Abstract
Objectives
Elevated serum phosphate levels have been associated with increased risks of cardiovascular events and death in several patient populations. The effects of serum phosphate on outcomes in patients with critical limb ischemia (CLI) have not been evaluated. In this study, we assessed the effect of abnormal phosphate levels on mortality and major limb events following surgical intervention for critical limb ischemia (CLI).
Methods
A retrospective review was undertaken to identify all patients at a single institution who underwent a first-time open or endovascular intervention for CLI between 2005 and 2014. Patients without recorded post-operative phosphate levels were excluded. Post-operative phosphate levels within 30-days of the initial operation were recorded and the mean was calculated. Patients were stratified according to mean phosphate levels (low <2.5, normal 2.5–4.5, high >4.5). Patient demographics, comorbidities, and operative details were compared in univariate analysis. Multivariable regression and cox-proportional hazard modeling were utilized to account for patient demographics and comorbid conditions.
Results
941 patients were identified including 42(5%) with low phosphate, 768(82%) with normal phosphate, and 131(14%) with high phosphate. Patients with elevated phosphate were younger and had higher rates of congestive heart failure, diabetes, and dialysis dependence. Bypass was more common among patients with normal phosphate as compared to high or low phosphate levels. There was no difference in WiFi or TASC classification between cohorts.
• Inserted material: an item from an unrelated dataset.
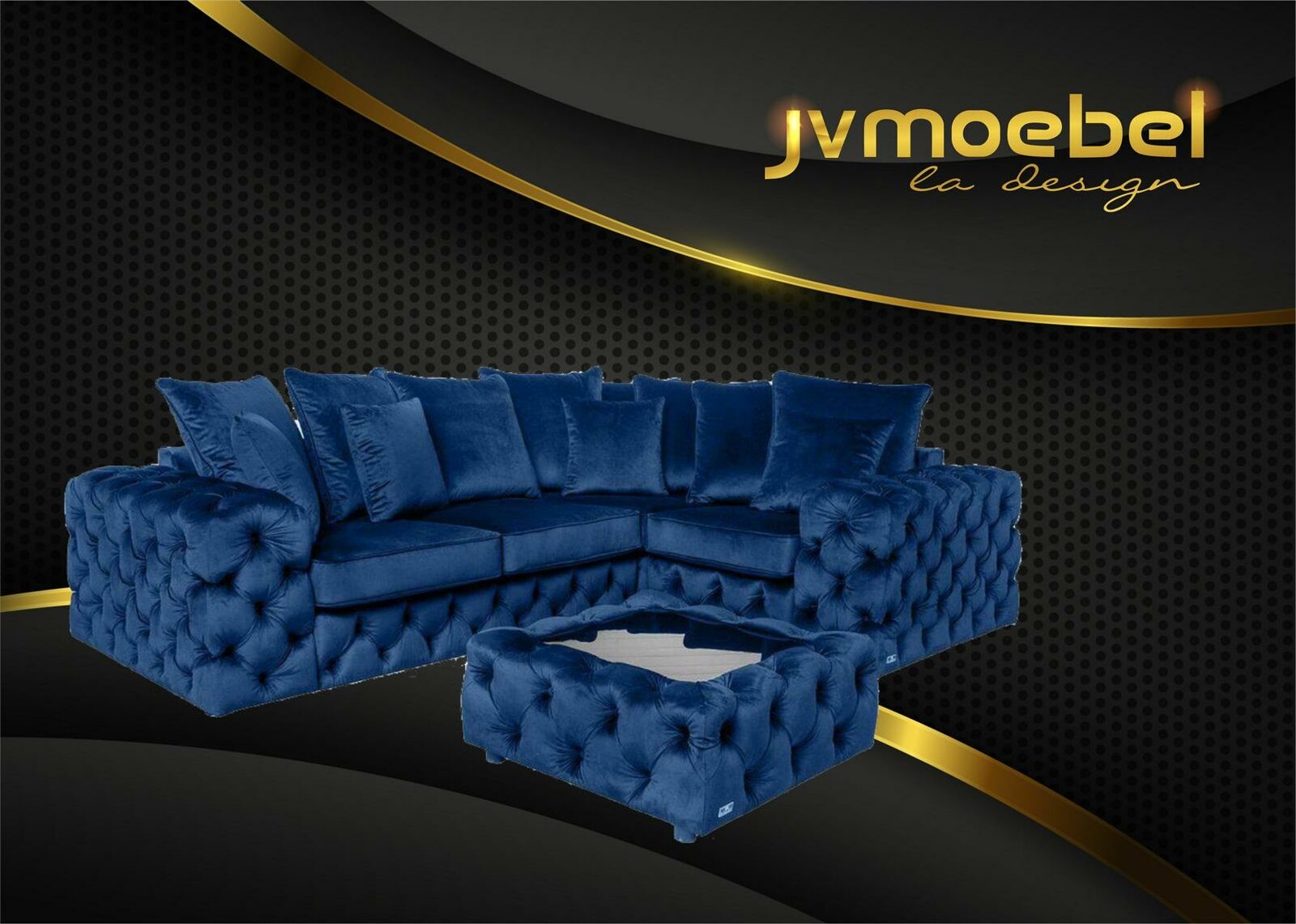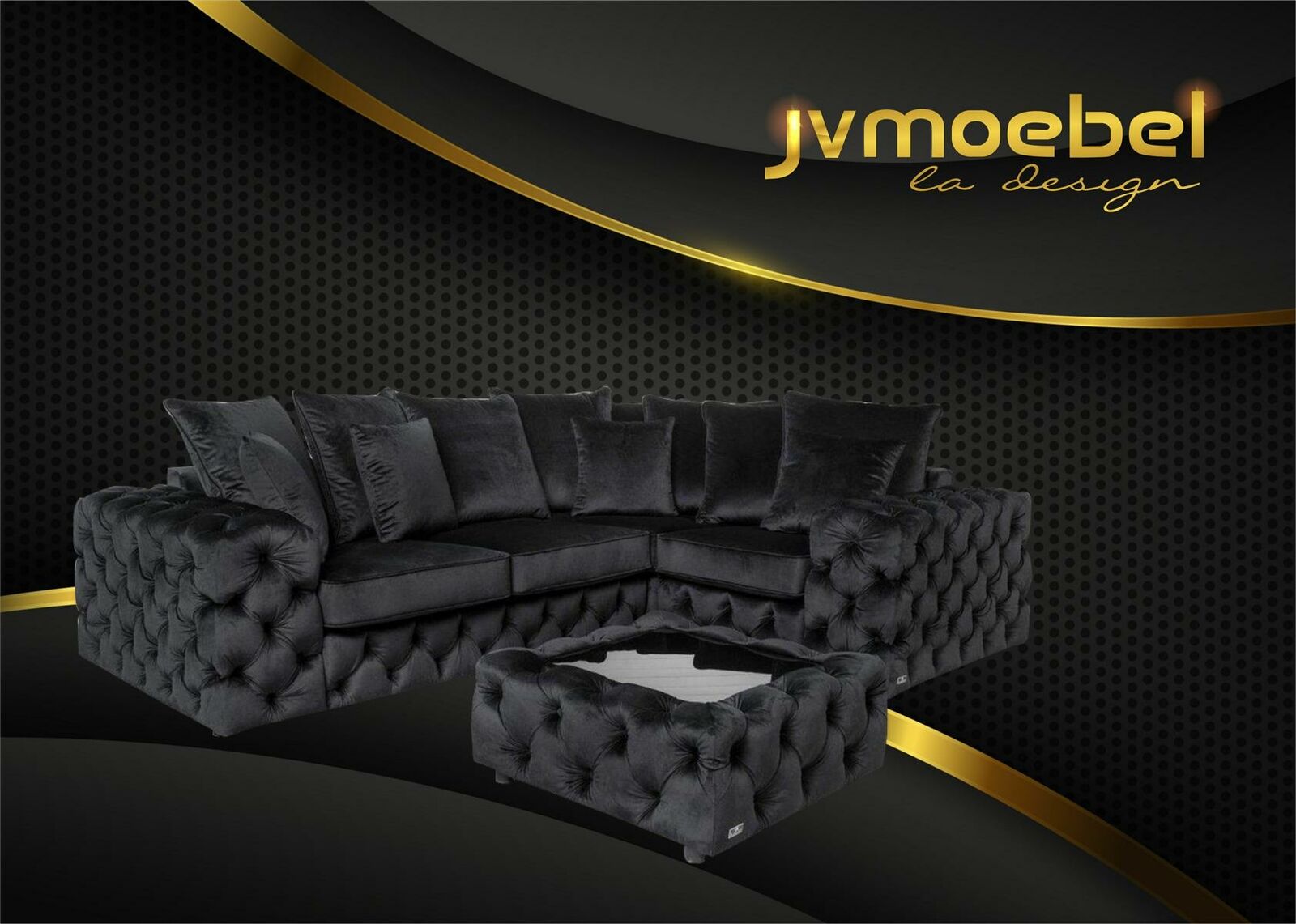 Vnitřní konstrukce z pravého dřeva a možnost volby krystalových kamenů místo knoflíků či dokonce skutečných krystalů Swarovski zvýší luxusní vzhled tohoto nábytkového kusu. Díky odolné látce odolné proti skvrnám můžete mít klid, že váš nový nábytek zůstane krásný i při každodenním používání. Ecksofa Pohovka Gauč Čalouněná sedací souprava L tvar Stůl k pohovce Textilní obývací krajina je ideální volbou pro ty, kteří hledají kombinaci elegance, komfortu a praktičnosti ve svém obývacím prostoru.

There were significant differences in 1-year mortality (low: 19%, normal: 17%, high: 33%, p < .01) and 3-year mortality (low 38%, normal: 34%, high: 56%, p <.01) between phosphate cohorts. Major amputation (low: 12%, normal: 12%, high: 15%) and restenosis (low: 21%, normal: 24%, high: 28%) tended toward worse outcomes among patients with elevated phosphate levels, but did not reach statistical significance. After adjustment for baseline characteristics, mortality was higher (HR: 1.7, 95% CI: 1.3–2.2) and amputation free survival was lower (HR: 1.5, 95% CI: 1.2–1.9) among patients with elevated as compared with normal phosphate levels. A subgroup analysis was then performed to assess dialysis and non-dialysis patients separately. Patients with elevated serum phosphate levels maintained a significantly higher risk of mortality in each group (Dialysis HR: 1.8 95% CI 1.2–2.6, Non-dialysis: HR 1.5, 95% CI 1.04–2.10).
Conclusion
Elevated phosphate levels are associated with increased mortality and decreased amputation free survival following interventions for critical limb ischemia. Future studies evaluating the effects of phosphate reduction in patients with CLI are warranted.
Introduction
Patients undergoing intervention for critical limb ischemia (CLI) are at increased risk of cardiovascular events due in part to the high incidence of associated cardiovascular risk factors.1,2 Associations between ambulatory status, cardiac and renal disease, and amputation free survival have been identified previously in retrospective studies.3,4 Despite this, our ability to determine which patients are at increased risk for early and delayed limb and cardiovascular events as well as mortality remains challenging.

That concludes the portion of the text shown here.